Cinéma : après le témoignage de Muriel Robin dans l'émission "Quelle Epoque !", la place accordée aux actrices et acteurs LGBT mise en question
Ultra-populaire, l'actrice et humoriste a mis les pieds dans le plat sur le plateau de "Quelle Epoque !" sur France 2 ce week-end, affirmant qu'elle était "la seule actrice au monde à dire son homosexualité". Muriel Robin, 68 ans, explique que son orientation sexuelle l'a empêchée pendant des décennies de se voir proposer des rôles dans des comédies, alors qu'elle remplit les salles avec ses spectacles.

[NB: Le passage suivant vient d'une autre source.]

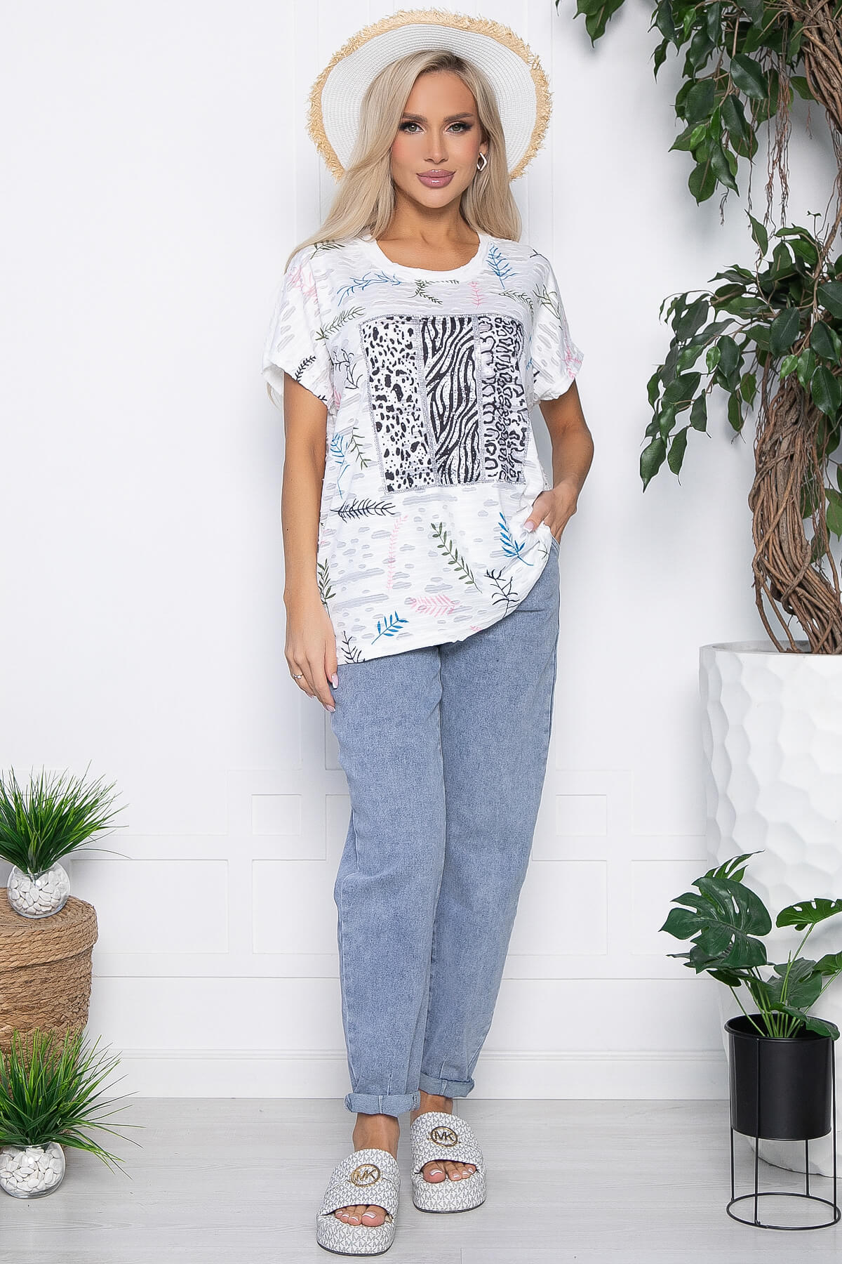 Лёгкая и стильная блузка с принтом, стразами и имитацией рванности выделит вас из толпы! Несмотря на свой яркий дизайн она прекрасно будет сочетаться с любой одеждой в вашем гардеробе. Блузка комфортная и пригодится для всех случаев - будь то повседневные прогулки, отпуск, или праздничный вечер.

"Je connais les acteurs homosexuels français, ils se taisent", car il n'y a pas d'interprètes gays ou lesbiennes affichées "qui font de grande carrière", a-t-elle poursuivi, allant jusqu'à lâcher à l'attention des jeunes : "Il faut leur dire que ce n'est pas la peine qu'ils fassent ce métier. Ils ne travailleront pas".

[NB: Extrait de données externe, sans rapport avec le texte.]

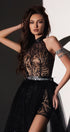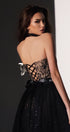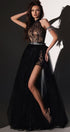 MAXI SET TOP CU PANTALONI ȘI MANTIE ELSIE DANTELA GLITTER BROCADĂ DE TUL NEAGRA ȘI NUDE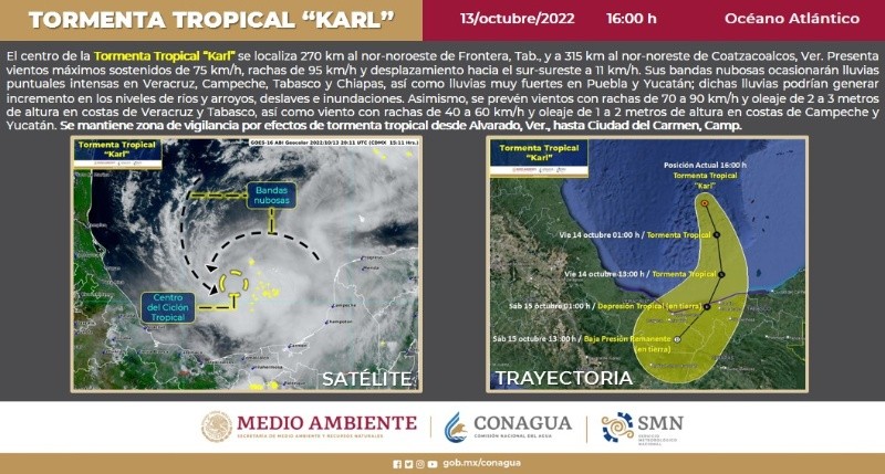 La tormenta tropical "Karl" se encontraba a las 16:00 horas a 270 kilómetros al nor-noreste de Frontera, Tabasco, y a 315 km al nor-noreste de Coatzacoalcos, Veracruz, con vientos máximos sostenidos de 75 kilómetros por hora, informó la Comisión Nacional del Agua (COnagua).La dependencia detalló en un comunicado que tiene rachas de 95 km/h y desplazamiento al sur-sureste a 11 km/h.Sus bandas nubosas, señaló, ocasionarán lluvias intensas (de 75 a 150 milímetros) en Campeche, Chiapas, Tabasco y Veracruz, así como muy fuertes (de 50 a 75 mm) en Puebla y Yucatán."Persistirá el pronóstico de vientos de 70 a 90 (m/h y oleaje de 2 a 3 metros (m) de altura en costas de Tabasco y Veracruz, y rachas de 40 a 60 km/h con olas de 1 a 2 m en el litoral de Campeche y Yucatán", añadió.En el documento se detalló que el Servicio Meteorológico Nacional (SMN), de la Comisión Nacional del Agua (Conagua), en coordinación con el Centro Nacional de Huracanes de Miami, Estados Unidos de América mantienen zona de vigilancia por efectos de tormenta tropical, desde Alvarado, Veracruz, hasta Ciudad del Carmen, Campeche."Las lluvias generadas por este sistema podrían provocar deslaves, incremento en niveles de ríos y arroyos, desbordamientos e inundaciones en zonas de los estados mencionados".Por lo anterior, las autoridades exhortan a la población y a la navegación marítima atender los avisos del SMN y seguir las indicaciones de las autoridades estatales, municipales y de Protección Civil."A la navegación marítima en las inmediaciones del sistema se la hace un llamado a extremar precauciones por condiciones de vientos fuertes y oleaje en zonas costeras".
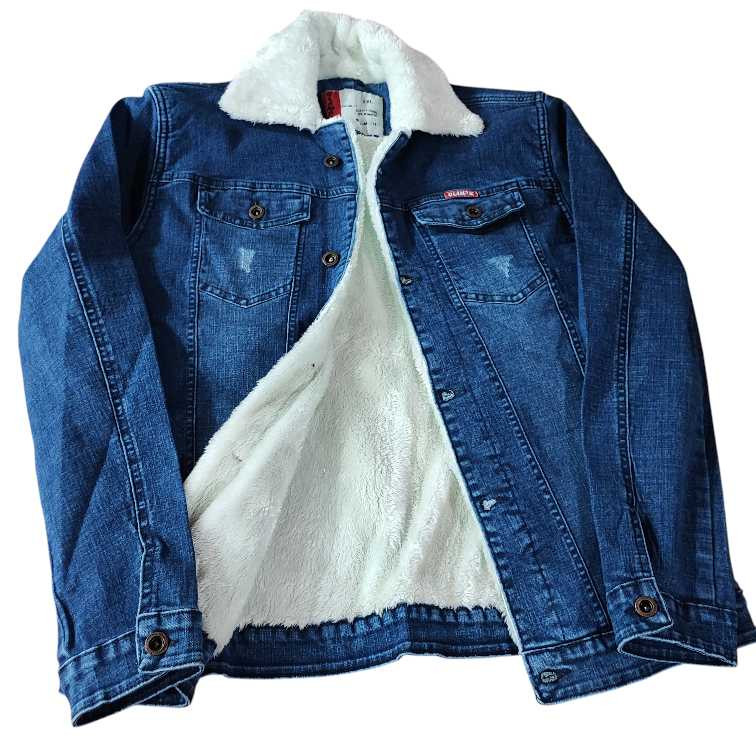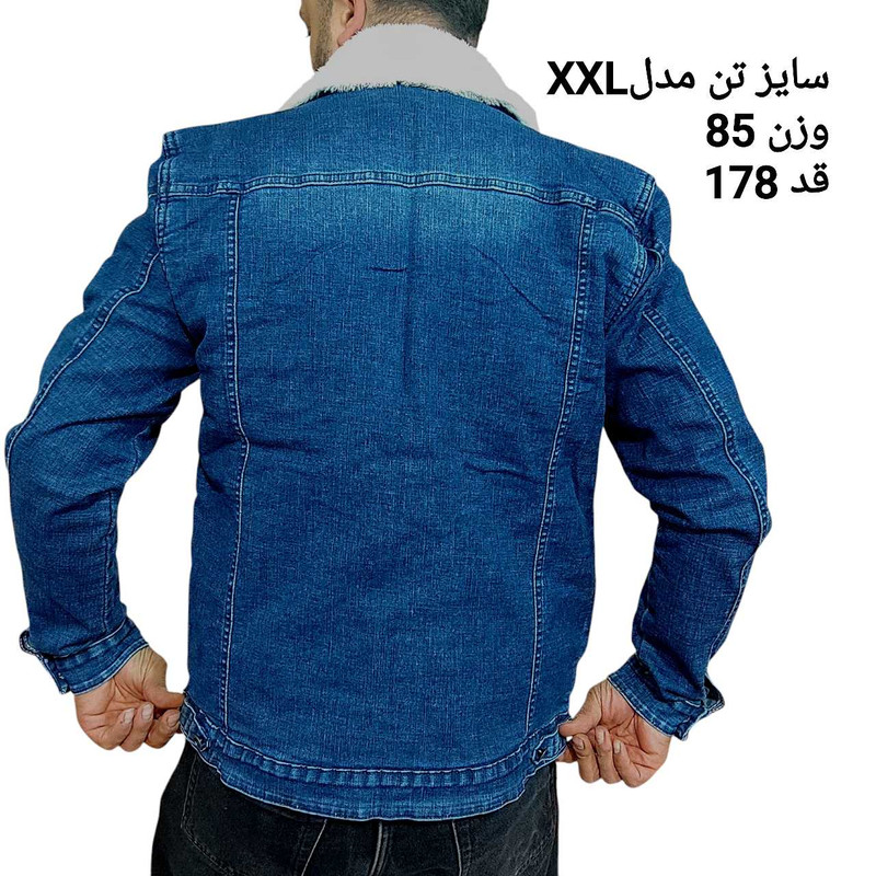 کت جین مردانه مدل خزدار کد 41110 رنگ آبی یخی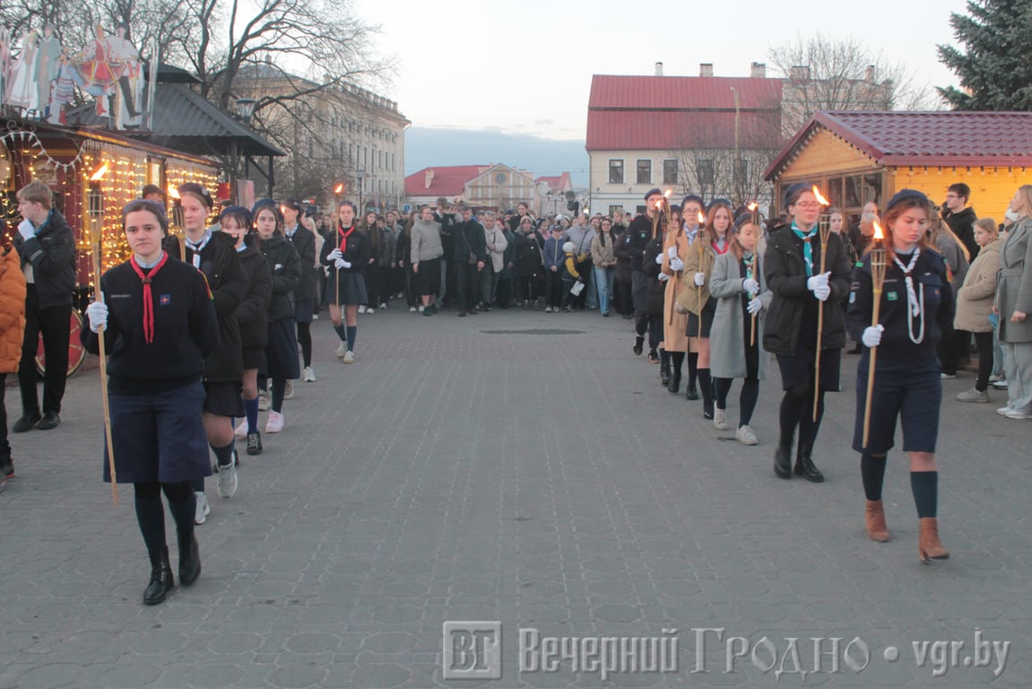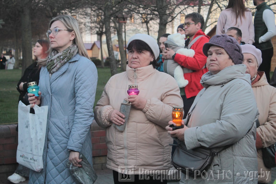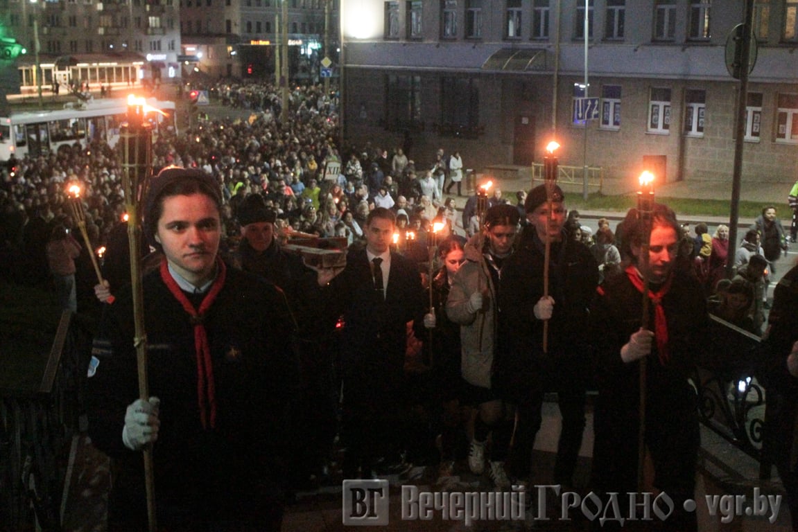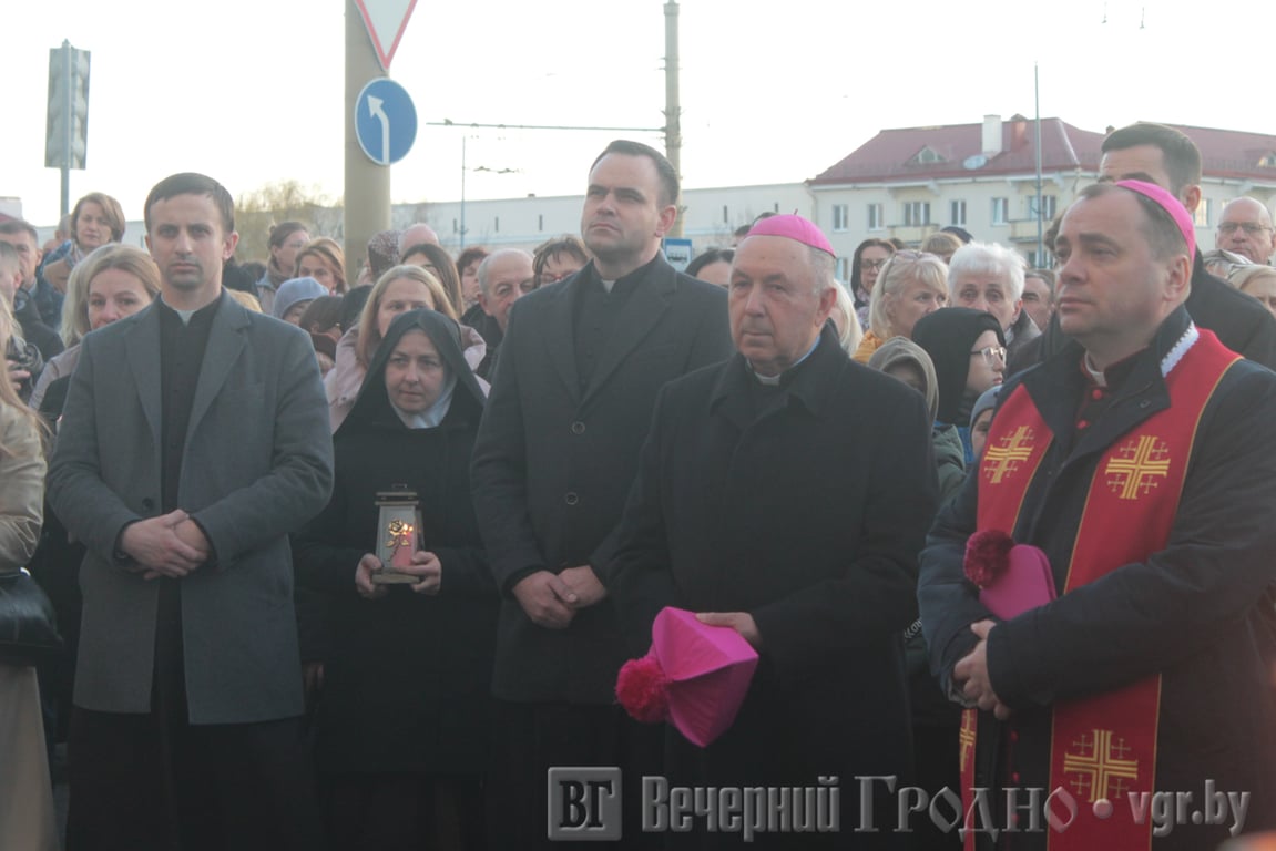 Процессия стартовала от Фарного костела и шла до Бернардинского костела на улице Парижской Коммуны. Люди несли крест с распятием Христа, многи взяли с собой свечи и лампадки.

En cause, selon elle, le "désir" qui doit être projeté sur les stars du grand écran : "si on est homosexuel, on n'est pas désirable, on n'est pas pénétrable. Et quand on n'est pas pénétrable (...) on ne vaut rien", a résumé Muriel Robin.
Un manque de visibilité
Cette discrimination est impossible à quantifier : il n'existe pas de données sur l'orientation sexuelle des acteurs et actrices. Peu d'acteurs ou actrices français connus ont publiquement évoqué leur homosexualité, à l'instar de Nicolas Maury ou d'Adèle Haenel, qui a dit adieu avec fracas au cinéma en mai dernier. À l'étranger, le Britannique Rupert Everett a déjà évoqué les difficultés à être un acteur gay, quand Muriel Robin a cité l'exemple de Jodie Foster, qui s'est longtemps tue.
En revanche, le collectif 50/50, qui étudie les questions de discrimination dans le milieu du cinéma, a publié l'an dernier un baromètre permettant de mesurer notamment la proportion de personnages LGBT+ dans les films français.
La conclusion ? Ils sont rares : sur la centaine de films étudiés, l'orientation sexuelle est connue pour 82% des personnages principaux, et seuls 5% d'entre eux sont homosexuels ou bisexuels, et ils sont "fortement stéréotypés", relève l'étude.
"Une prise de risque énorme"
Très souvent, ces rôles sont joués par des acteurs ne se revendiquant pas comme homosexuels, souligne auprès de l'AFP Stéphane Gaillard, un directeur de casting engagé sur le sujet. Et les rares actrices lesbiennes ou acteurs gays affichés ne se voient plus proposer de rôles de personnages hétérosexuels, voyant leur identité "vampirisée", poursuit-il.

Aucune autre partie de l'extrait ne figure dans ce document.